§ **How to complete this task**: Output, word for word, the lines of this listing that fall between the line with "NIH 研究显示 5G" and the line with "광주경제자유구역청(이하 광주경자청)은 15일", counting both of those lines, and no others.

§ **Extracted records**:
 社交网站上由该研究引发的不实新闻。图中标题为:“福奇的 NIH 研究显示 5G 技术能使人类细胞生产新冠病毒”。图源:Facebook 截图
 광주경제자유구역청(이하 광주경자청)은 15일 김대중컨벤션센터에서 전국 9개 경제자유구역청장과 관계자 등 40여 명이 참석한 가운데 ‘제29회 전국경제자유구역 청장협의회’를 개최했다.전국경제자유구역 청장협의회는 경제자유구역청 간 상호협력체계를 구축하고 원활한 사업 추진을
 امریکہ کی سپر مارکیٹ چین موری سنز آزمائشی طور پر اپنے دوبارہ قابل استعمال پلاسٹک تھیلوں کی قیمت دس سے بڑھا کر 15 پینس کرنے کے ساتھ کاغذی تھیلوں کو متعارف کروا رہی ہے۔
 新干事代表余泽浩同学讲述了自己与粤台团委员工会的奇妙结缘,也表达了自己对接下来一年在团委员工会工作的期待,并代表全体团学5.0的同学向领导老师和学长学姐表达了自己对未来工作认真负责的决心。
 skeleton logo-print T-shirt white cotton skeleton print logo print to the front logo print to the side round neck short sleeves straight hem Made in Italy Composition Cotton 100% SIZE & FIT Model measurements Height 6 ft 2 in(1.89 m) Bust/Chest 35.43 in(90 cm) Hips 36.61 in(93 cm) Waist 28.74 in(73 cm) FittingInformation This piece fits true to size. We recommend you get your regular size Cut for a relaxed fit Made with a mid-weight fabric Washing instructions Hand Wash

--

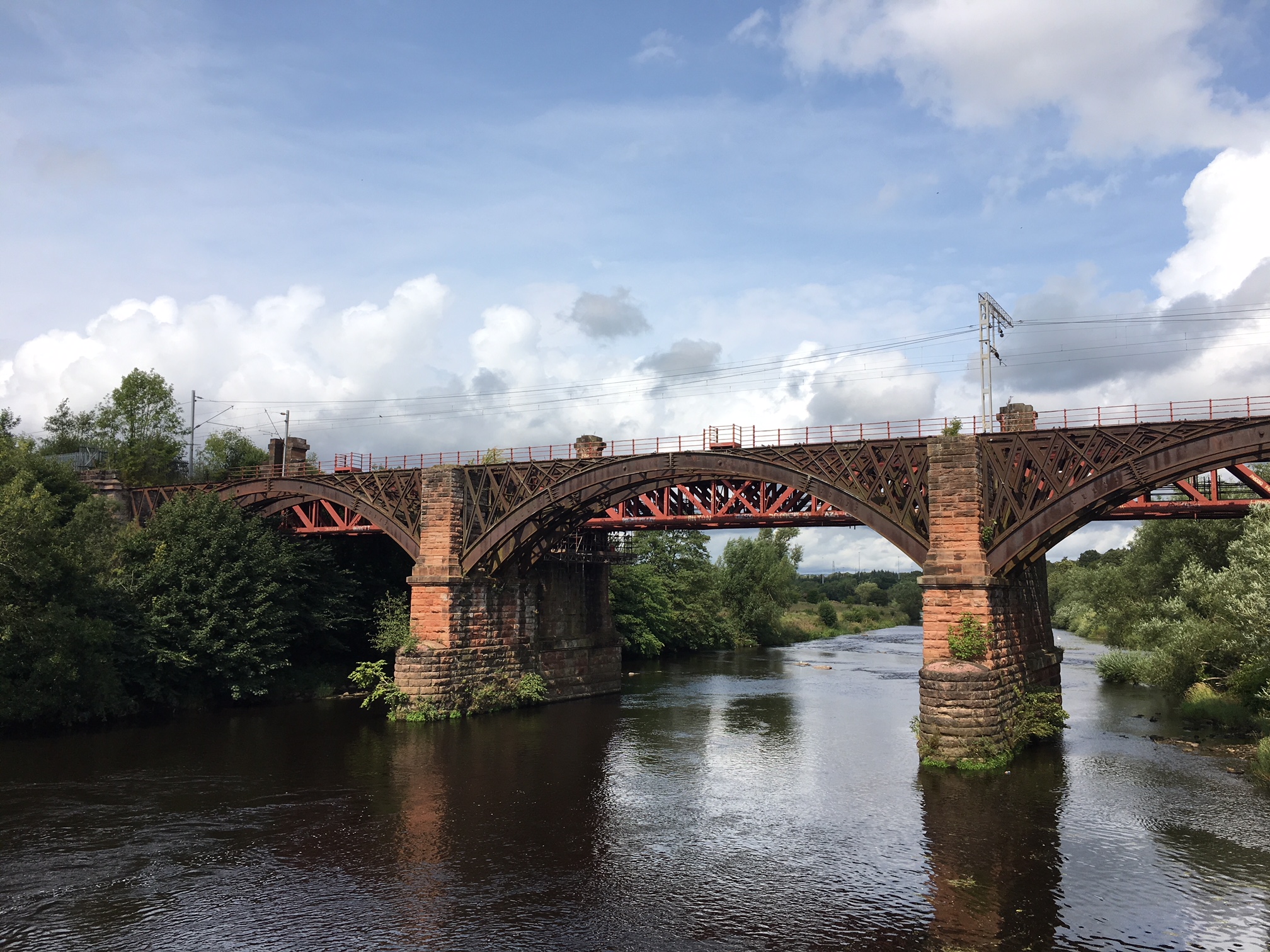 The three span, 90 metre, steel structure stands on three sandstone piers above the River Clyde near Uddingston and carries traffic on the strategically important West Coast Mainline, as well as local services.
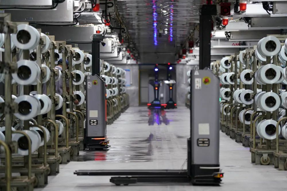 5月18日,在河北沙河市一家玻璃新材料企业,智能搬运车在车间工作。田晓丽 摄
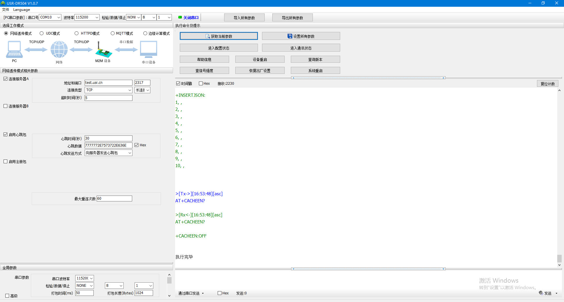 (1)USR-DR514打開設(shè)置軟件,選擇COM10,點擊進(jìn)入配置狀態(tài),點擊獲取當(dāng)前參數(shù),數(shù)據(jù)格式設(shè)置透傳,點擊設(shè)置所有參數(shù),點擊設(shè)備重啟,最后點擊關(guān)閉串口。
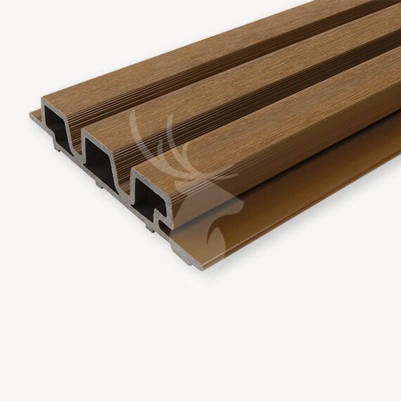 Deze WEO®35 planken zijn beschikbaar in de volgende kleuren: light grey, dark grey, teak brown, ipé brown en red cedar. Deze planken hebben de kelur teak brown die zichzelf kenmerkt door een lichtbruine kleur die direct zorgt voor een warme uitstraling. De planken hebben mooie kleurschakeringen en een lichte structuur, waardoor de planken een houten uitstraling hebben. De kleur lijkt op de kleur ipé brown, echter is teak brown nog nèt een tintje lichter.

§ **Answer box**:
 社交网站上由该研究引发的不实新闻。图中标题为:“福奇的 NIH 研究显示 5G 技术能使人类细胞生产新冠病毒”。图源:Facebook 截图
 광주경제자유구역청(이하 광주경자청)은 15일 김대중컨벤션센터에서 전국 9개 경제자유구역청장과 관계자 등 40여 명이 참석한 가운데 ‘제29회 전국경제자유구역 청장협의회’를 개최했다.전국경제자유구역 청장협의회는 경제자유구역청 간 상호협력체계를 구축하고 원활한 사업 추진을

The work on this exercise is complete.